> [Required action] The data below is to be written out exactly, with no pictures.

======== Dataset entries

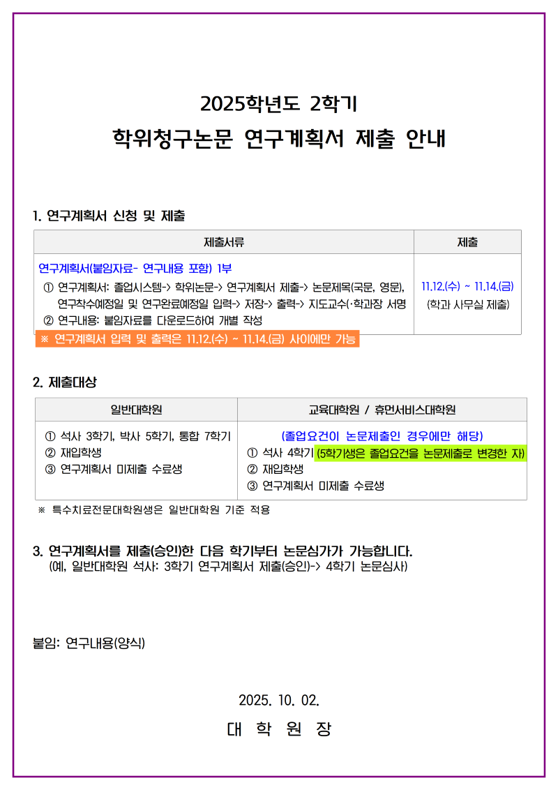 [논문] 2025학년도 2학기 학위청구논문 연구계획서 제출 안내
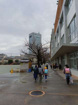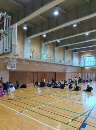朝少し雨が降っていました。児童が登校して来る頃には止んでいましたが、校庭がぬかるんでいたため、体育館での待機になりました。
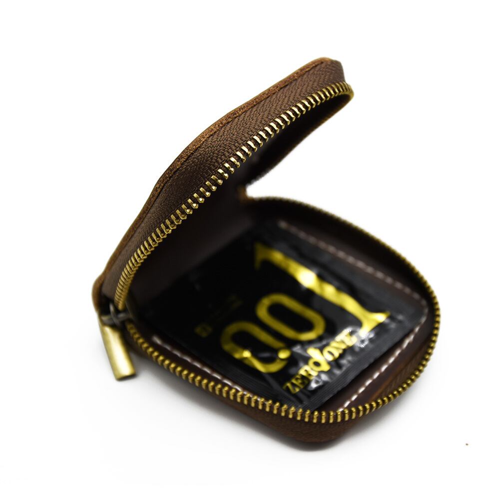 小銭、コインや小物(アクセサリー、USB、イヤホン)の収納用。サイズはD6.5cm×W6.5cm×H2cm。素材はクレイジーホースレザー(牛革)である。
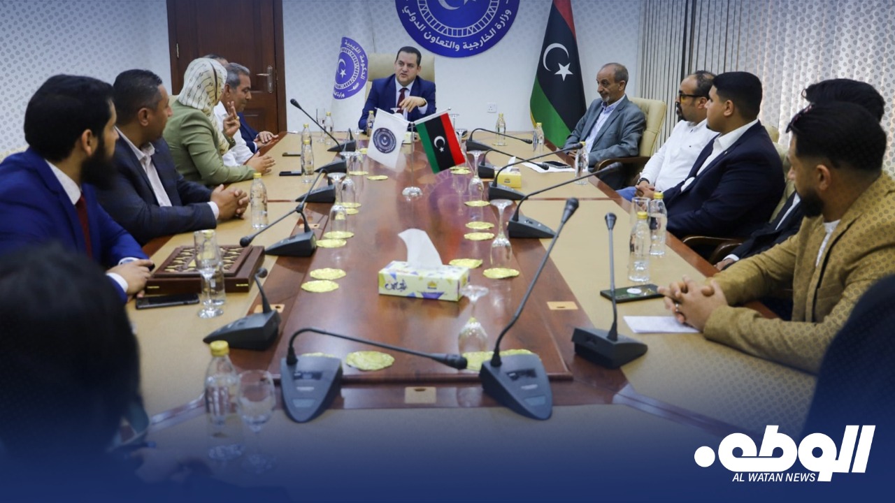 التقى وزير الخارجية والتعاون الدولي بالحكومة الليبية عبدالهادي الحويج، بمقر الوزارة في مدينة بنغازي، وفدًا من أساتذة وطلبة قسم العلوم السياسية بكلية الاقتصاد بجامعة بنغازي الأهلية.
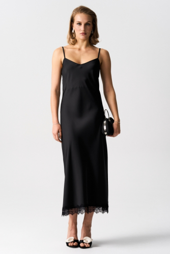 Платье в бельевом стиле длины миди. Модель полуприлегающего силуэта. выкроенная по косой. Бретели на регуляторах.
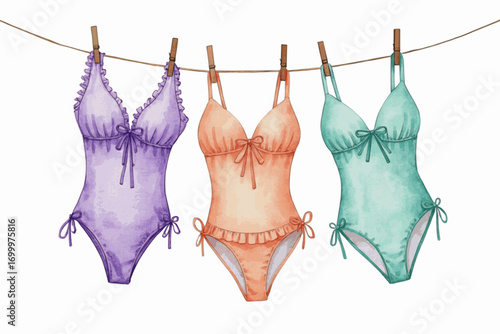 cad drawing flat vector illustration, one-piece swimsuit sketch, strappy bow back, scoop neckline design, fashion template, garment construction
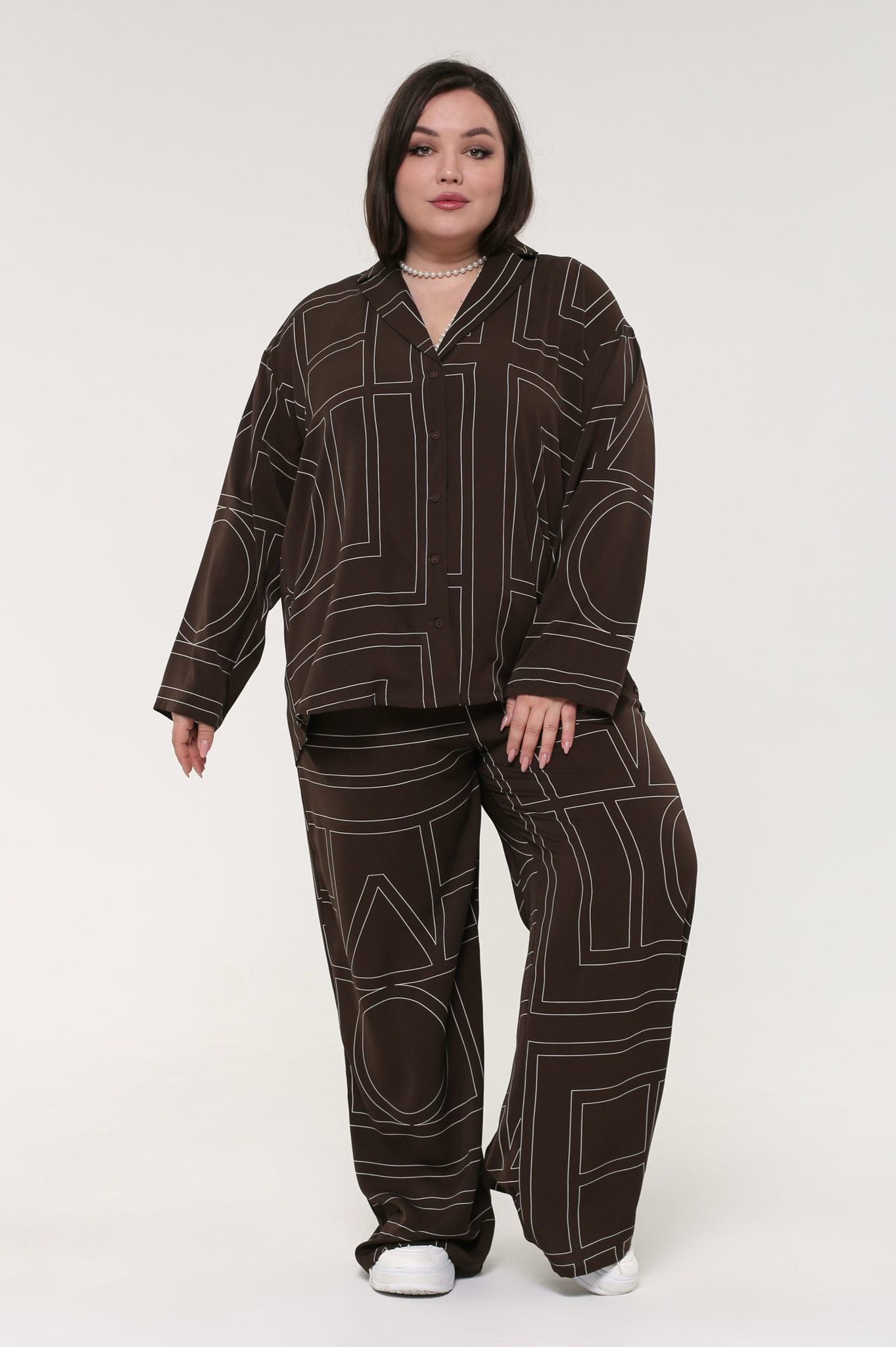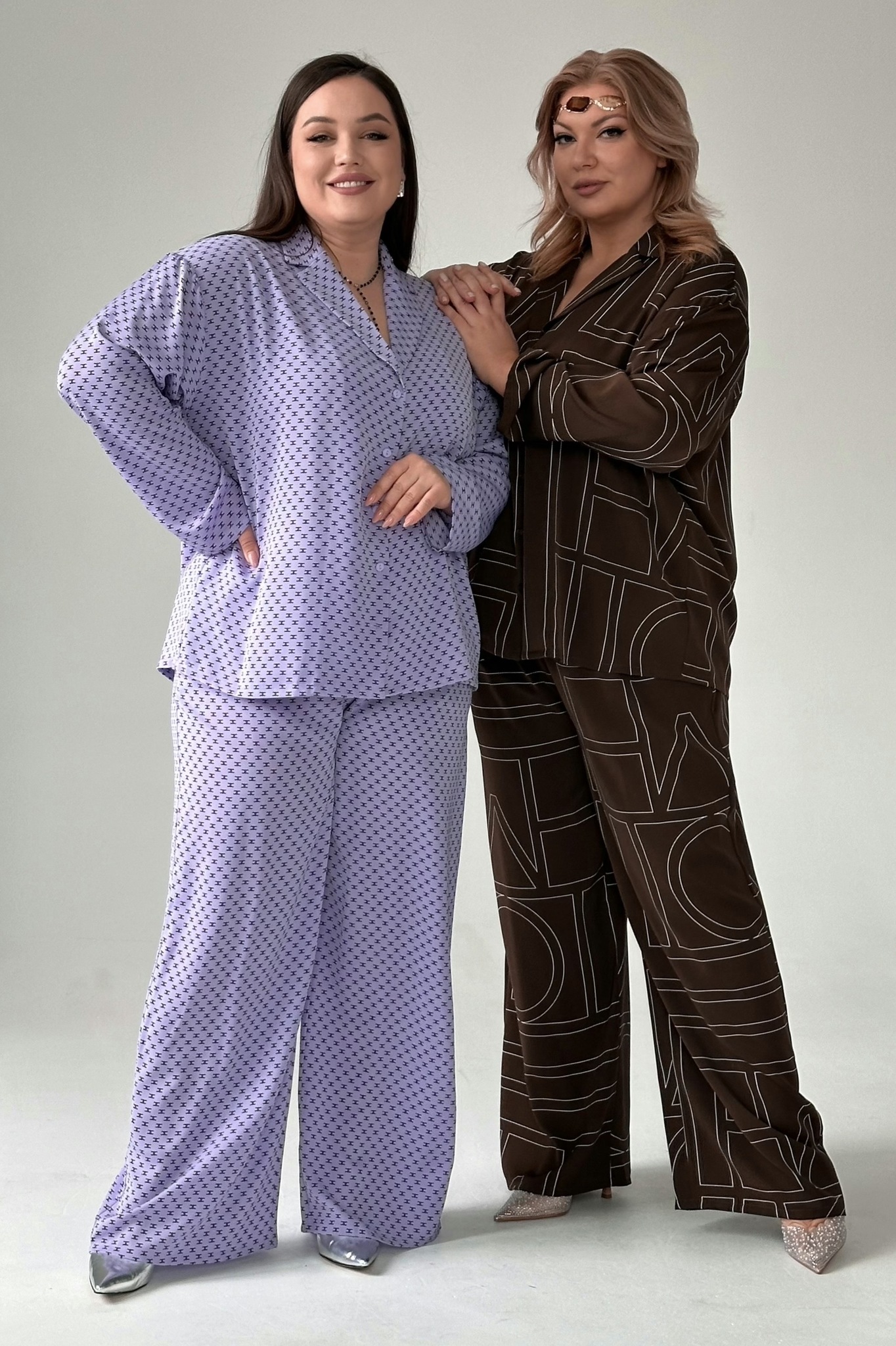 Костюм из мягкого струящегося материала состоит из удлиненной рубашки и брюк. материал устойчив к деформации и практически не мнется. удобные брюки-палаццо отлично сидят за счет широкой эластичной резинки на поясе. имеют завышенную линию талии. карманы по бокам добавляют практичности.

================

> [Output of the exercise]
 [논문] 2025학년도 2학기 학위청구논문 연구계획서 제출 안내
朝少し雨が降っていました。児童が登校して来る頃には止んでいましたが、校庭がぬかるんでいたため、体育館での待機になりました。
 小銭、コインや小物(アクセサリー、USB、イヤホン)の収納用。サイズはD6.5cm×W6.5cm×H2cm。素材はクレイジーホースレザー(牛革)である。
 التقى وزير الخارجية والتعاون الدولي بالحكومة الليبية عبدالهادي الحويج، بمقر الوزارة في مدينة بنغازي، وفدًا من أساتذة وطلبة قسم العلوم السياسية بكلية الاقتصاد بجامعة بنغازي الأهلية.
 Платье в бельевом стиле длины миди. Модель полуприлегающего силуэта. выкроенная по косой. Бретели на регуляторах.
 cad drawing flat vector illustration, one-piece swimsuit sketch, strappy bow back, scoop neckline design, fashion template, garment construction
 Костюм из мягкого струящегося материала состоит из удлиненной рубашки и брюк. материал устойчив к деформации и практически не мнется. удобные брюки-палаццо отлично сидят за счет широкой эластичной резинки на поясе. имеют завышенную линию талии. карманы по бокам добавляют практичности.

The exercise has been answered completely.